Senate votes to strengthen sanctions on both Russia and Iran

In a rare show of bipartisanship on foreign policy, the Senate voted overwhelmingly on Thursday for a bill that would toughen sanctions on Russia for interfering in the 2016 U.S. elections, as well slap new sanctions on Iran for efforts to expand its long range missile program. The vote was 98-2, with only Sen. Rand Paul (R-KY), and Sen. Bernie Sanders (I-VT) voting against the measure.

"This is a very, very strong piece of legislation," said Sen. Bob Corker (R-TN), the Chairman of the Senate Foreign Relations Committee, who noted that in many ways it was developed "under the radar" because it was bipartisan in nature.

"Today the United States Senate is asserting its responsibilities as it relates to foreign policy," Corker added on the Senate floor.

"First, it stands up to the aggression of Russia and Iran," said Sen. Ben Cardin (D-MD).

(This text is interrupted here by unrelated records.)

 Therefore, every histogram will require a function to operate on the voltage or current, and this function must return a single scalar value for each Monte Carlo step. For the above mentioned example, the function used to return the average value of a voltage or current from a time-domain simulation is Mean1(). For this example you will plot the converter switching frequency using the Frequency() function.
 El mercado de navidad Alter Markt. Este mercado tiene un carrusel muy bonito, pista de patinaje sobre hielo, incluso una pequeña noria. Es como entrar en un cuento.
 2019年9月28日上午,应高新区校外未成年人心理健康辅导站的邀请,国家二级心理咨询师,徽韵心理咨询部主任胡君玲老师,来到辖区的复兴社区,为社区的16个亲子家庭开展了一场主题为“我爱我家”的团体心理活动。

Final approval of the bill came a day after a 97-2 vote in favor of an amendment to the Iran Sanctions bill that puts into law existing American sanctions against Russia, dealing not only with U.S. protests over aggression in Crimea and Ukraine, but also in response to Russian cyber attacks linked to the 2016 elections.

"The additional Iran and Russia sanctions that passed today give the administration the necessary tools to deter threats from these regimes," said Sen. John Thune (R-SD).

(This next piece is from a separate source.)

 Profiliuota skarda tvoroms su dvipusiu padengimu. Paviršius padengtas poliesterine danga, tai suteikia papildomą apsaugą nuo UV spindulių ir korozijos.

Currently, President Trump could relax the Russian sanctions unilaterally; these provisions would take that power away from him, and force any changes to go through the Congress.

This bill still must go to the House for consideration; it's not clear whether it will be advanced by GOP leaders there, as the Trump Administration is not pleased with some of the details.

"I would urge Congress to ensure any legislation allows the president to have the flexibility to adjust sanctions," Secretary of State Rex Tillerson said on Wednesday in an appearance before the House Foreign Affairs Committee.

The vote to strengthen sanctions against Russia - which Senators on both parties made clear was designed to send a message on Russian meddling in the 2016 elections - came hours after President Donald Trump had again mocked the investigation surrounding those charges.

"You are witnessing the single greatest WITCH HUNT in American political history," the President wrote on Twitter.

On the Iran sanctions, despite some opposition from a few officials in the Obama Administration, the plan focuses extra sanctions on Iranian support for terrorism, human rights abuses, and most importantly the work on a ballistic missile program.

As for those opposed to the measure, Sen. Bernie Sanders (I-VT) said the plan left him with no good choice.

"I am strongly supportive of the sanctions on Russia included in this bill," Sanders said in a statement. "It is unacceptable for Russia to interfere in our elections here in the United States, or anywhere around the world."

"But I believe that these new sanctions could endanger the very important nuclear agreement that was signed between the United States, its partners and Iran in 2015," Sanders added.